Article
48 Mitchell Hamline L. Rev. 407 (2022)

Free Speech, Social Media, and Public Universities: How the First Amendment Limits University Sanctions for Online Expression and Empowers Students, Staff, and Faculty

By
Eric T. Kasper

News stories in recent years have regularly appeared where students, staff, or faculty members at public institutions of higher education are investigated, rebuked, or reprimanded by their college or university for online expression. Such cases have the potential to raise First Amendment questions. In particular, there are several instances of students being scrutinized for their social media expression, with the content and context of that speech varying widely.

In July 2015, the former president of Valdosta State University settled a $900,000 lawsuit for expelling a student who posted on Facebook a “satirical environmentalist collage” that showed pictures of the university president and parking deck construction.

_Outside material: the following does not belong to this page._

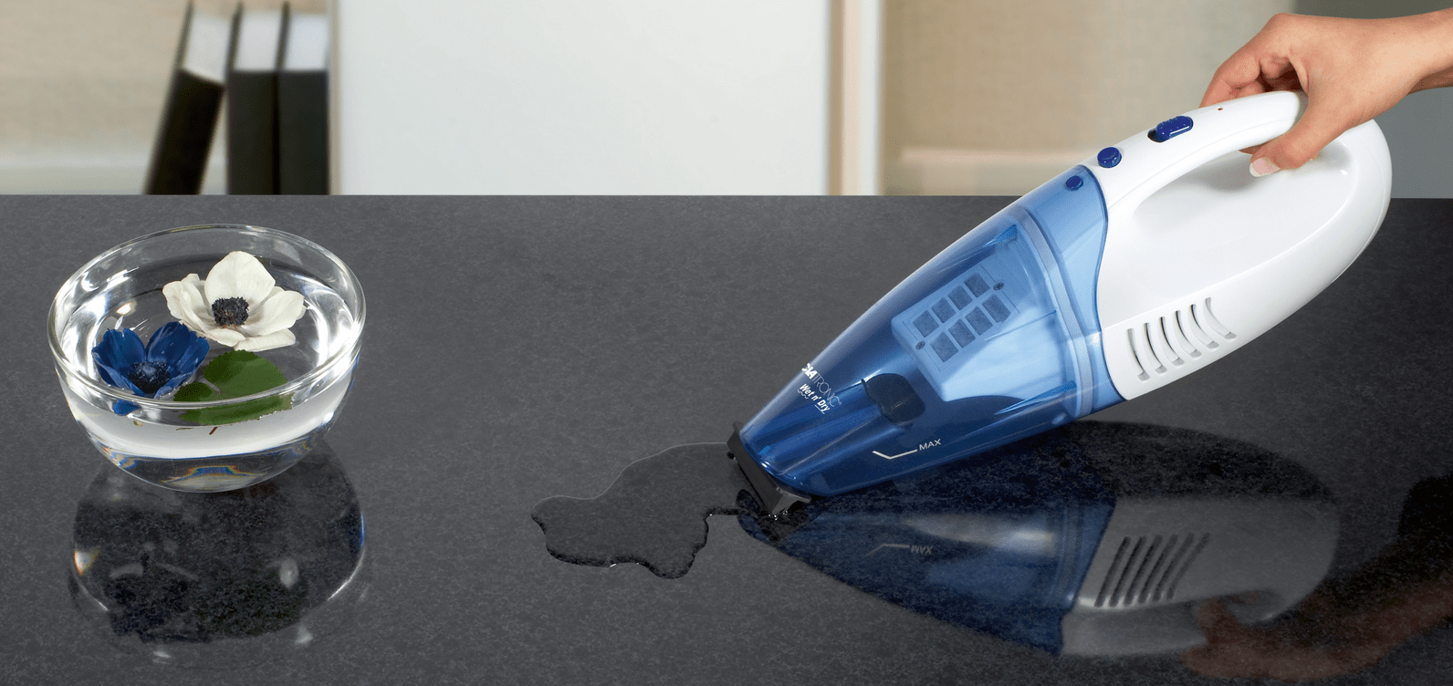 Praktičen ročni baterijski sesalnik proizvajalca Clatronic s pralnim filtrom.
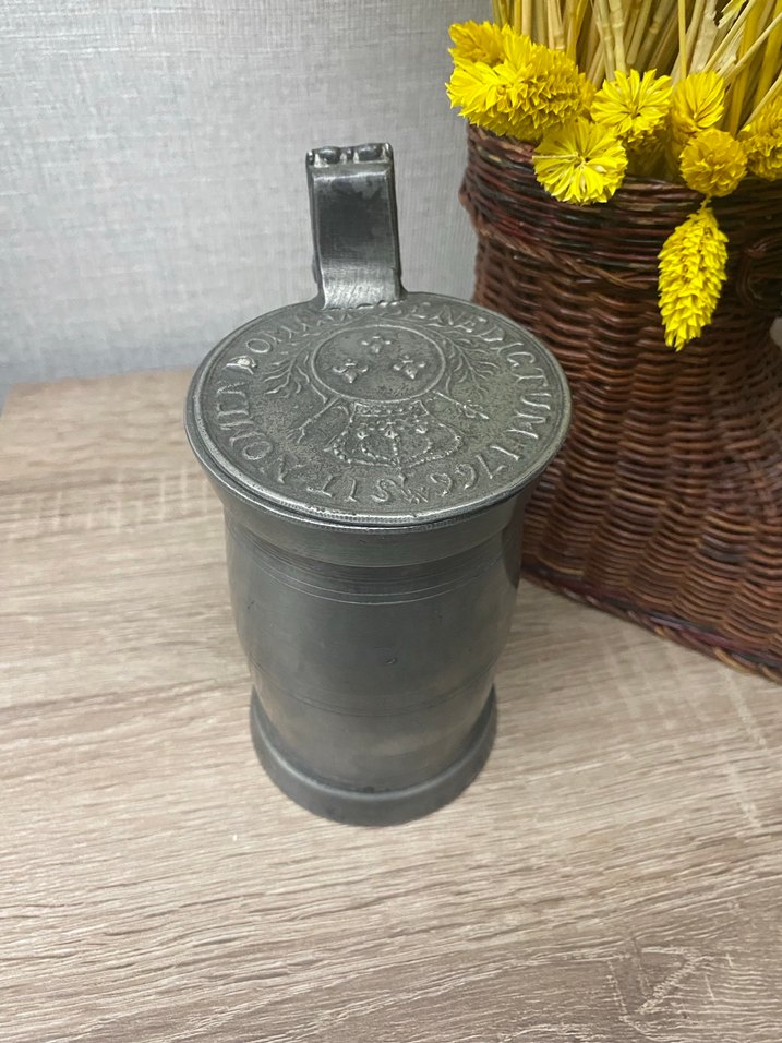 16,5 cm boyunda , Zinn malzemeden yapılmış , kurşun gibi ağır , yaklaşık 1 kg ağırlığında. Üretici damgası yok , Kapak üzerindeki tarih ve motif çok aykırı . Fransız kraliyet simgeleri olarak düşünüyorum . Kapak açma kulbu Aslan ayağı motifi .

The student was punished after the university president interpreted this criticism of the campus’s decision to build additional parking structures as threatening.

In January 2017, Cooper Medical School of Rowan University filed a “Professionalism Intervention Report” against a medical student after she posted on Instagram a topless photo of herself at a nude beach in Europe that included “#freethenipple.” Although the student’s nipples were blurred to conform to Instagram policies, administrators told the student to remove pictures from her account that a “reasonable person” would interpret as “sexually explicit.”

In February 2017, a University of Central Florida student was suspended after posting on Twitter pictures of a break-up letter from his ex-girlfriend, with the student negatively “grading” the letter’s grammar in a series of posts. The student’s suspension was later overturned.

In November 2017, a University of North Florida student was suspended after allegedly posting a photo of himself shirtless, with a swastika tattoo on his chest, and holding a semi-automatic rifle. The Facebook photo was accompanied by the following statement: “[I]t is okay to be WHITE!!!!! Let SDS and the other clowns come at me, I will shut them down. Fuck the BLM BS!!! I am WHITE and PROUD, and these queer balls have yet to confront me on campus.”